The screening program is effective in reducing mortality and morbidity, is acceptable and is cost-effective
Universal screening for LS among cancer patients has been evaluated by the Evaluation of Genomic Applications in Practice and Prevention (EGAPP) Working Group of the CDC. This independent, multidisciplinary panel prioritizes and selects tests, reviews CDC-commissioned evidence reports and other contextual factors regarding the validity and utility of rapidly emerging genetic tests for clinical practice, highlights critical knowledge gaps and provides guidance on appropriate use of genetic tests in specific clinical scenarios (http://www.egappreviews.org/). The EGAPP Working Group found sufficient evidence to recommend offering screening for LS among all newly diagnosed CRC patients using either MSI or IHC to decrease the morbidity and mortality in relatives [16, 24]. Furthermore, universal screening was found to be cost-effective with an incremental cost-effectiveness ratio of <$25,000 per life year saved compared to no testing. IHC was considered more cost effective than MSI since it pinpoints which 1–2 gene(s) to test thus saving money when it comes to genetic testing. Finally, universal screening for LS among cancer patients has been implemented successfully at many institutions [25] and EGAPP reviewed data regarding psychosocial outcomes of genetic counseling and testing for LS and found that changes in distress among mutation carriers seem to be short term and there is no indication of adverse effects of genetic testing [16]. It has also been shown that 78 % of newly diagnosed CRC patients found it acceptable to have information about LS brought to their attention at the time of diagnosis [26].
Conclusions
At a minimum, we believe that all newly diagnosed CRC and EC patients should be screened for LS. These individuals have already had a LS-associated cancer which makes them more likely to have LS (1 in 35–40) compared to the general population (1 in 370). In addition, the screening tests in use presently (MSI and IHC) are performed on tumor tissue so this lends itself to screening individuals already affected by cancer. It is possible that individuals with newly diagnosed gastric and ovarian cancers (among other LS cancers) should also be screened for LS but we are lacking data about the incidence of LS in these patient populations at present.

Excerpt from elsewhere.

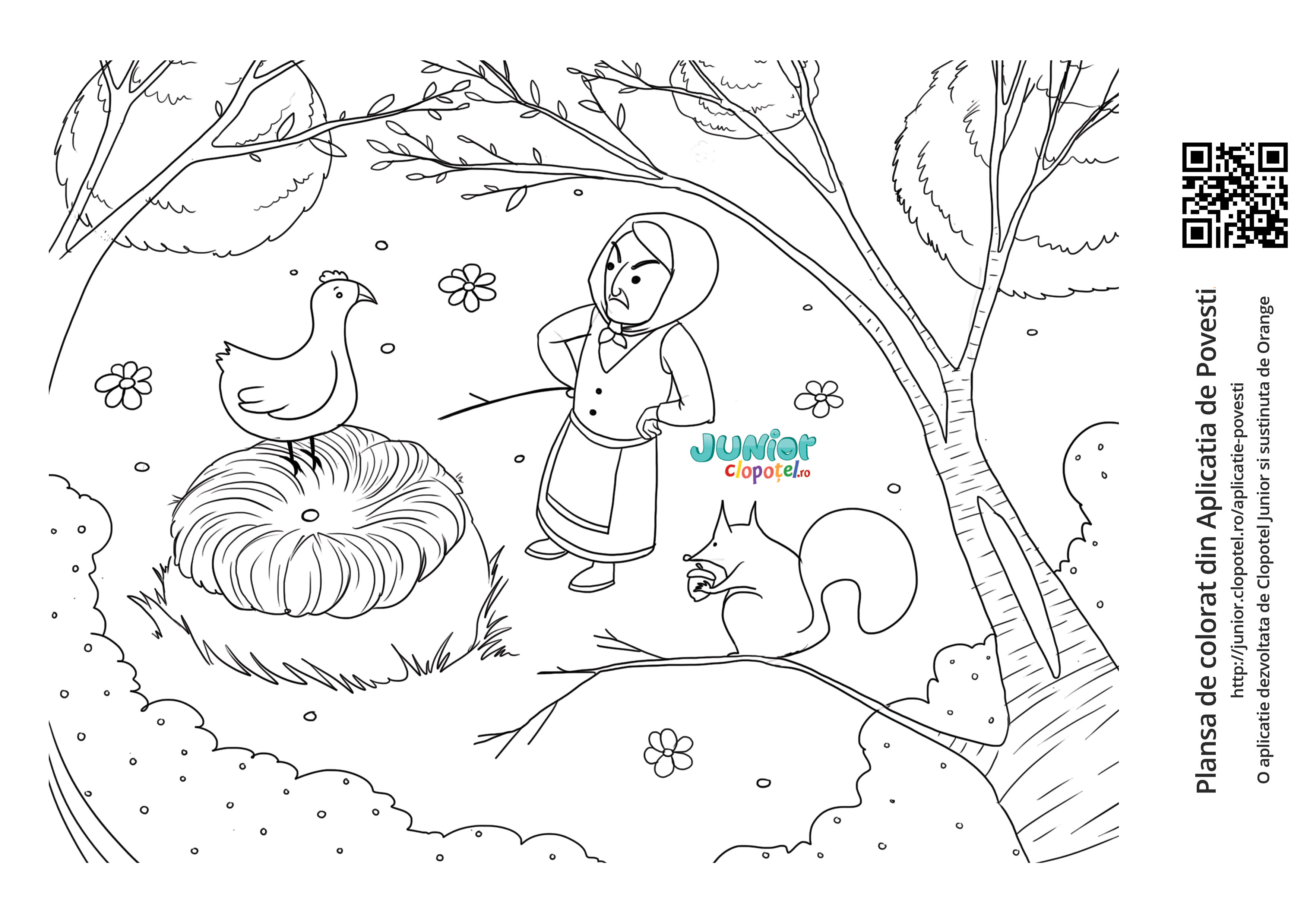Descriere: Coloreaza plansa cu gaina care se ouase o margica. Scena din povestea "Punguta cu doi bani" din aplicatia POVESTI. Daca vrei sa descoperi mai multe basme sau legende, descarca-ti aplicatia din Google Play sau App Store.

However, it is very important to stress that the benefits of this screening program rest heavily with the unaffected, at-risk relatives of these cancer patients who can be diagnosed prior to developing cancer and attain the most benefit in terms of cancer prevention and risk reduction. This is accomplished through a process known as cascade testing. In this process once a cancer patient is diagnosed with LS, then predictive testing for the single mutation known to cause LS in the family is offered to all first-degree relatives (parents, siblings, and children) who are at 50 % risk for inheriting the mutation. Some of them will test positive for LS and then testing should be offered to their first-degree relatives (who are second degree relatives of the original cancer patient, i.e. nieces, nephews, aunts, uncles, and grandchildren). This can continue to even further removed relatives but the testing always follows the mutation through the family so no one who is not at-risk (i.e. the child of someone without the mutation) receives testing. We also believe that unaffected individuals with a strong family history of LS-associated cancers should still be referred to cancer genetics by their healthcare providers for an evaluation in the traditional genetics model. Hopefully, with the use of both the traditional model and screening of all CRC and EC patients, we can maximize the identification of all individuals with LS.
The issue of screening the entire population
The issue of screening healthy people for risk of developing disease is controversial. Nevertheless, in many countries newborn children are screened for a variety of congenital or early-onset disorders. For instance, in the state of Ohio such screening is performed for 35 conditions and almost all newborns undergo such screenings. The only accepted reason to opt out of newborn screening in Ohio is if the parents have religious objections. Of note, in some cases (e.g. phenylketonuria, PKU) those children who are not screened suffer a clearly documented health disadvantage in the form of delayed prevention leading to mental retardation. Debates over whether to screen or not to screen arise every time screening for another disease/condition is proposed. The most typical argument in favor of screening is when early diagnosis can help save lives or alleviate symptoms (such as in PKU). The typical argument against screening is when little or nothing can be accomplished to treat or prevent the condition, the classic example being Huntington’s disease. We believe that LS is an example of an adult-onset condition that meets the criteria for screening and that adults who are not screened suffer a clearly documented health disadvantage (a high likelihood of a cancer diagnosis) that could be avoided through the use of colonoscopy and other cancer screening and prevention modalities.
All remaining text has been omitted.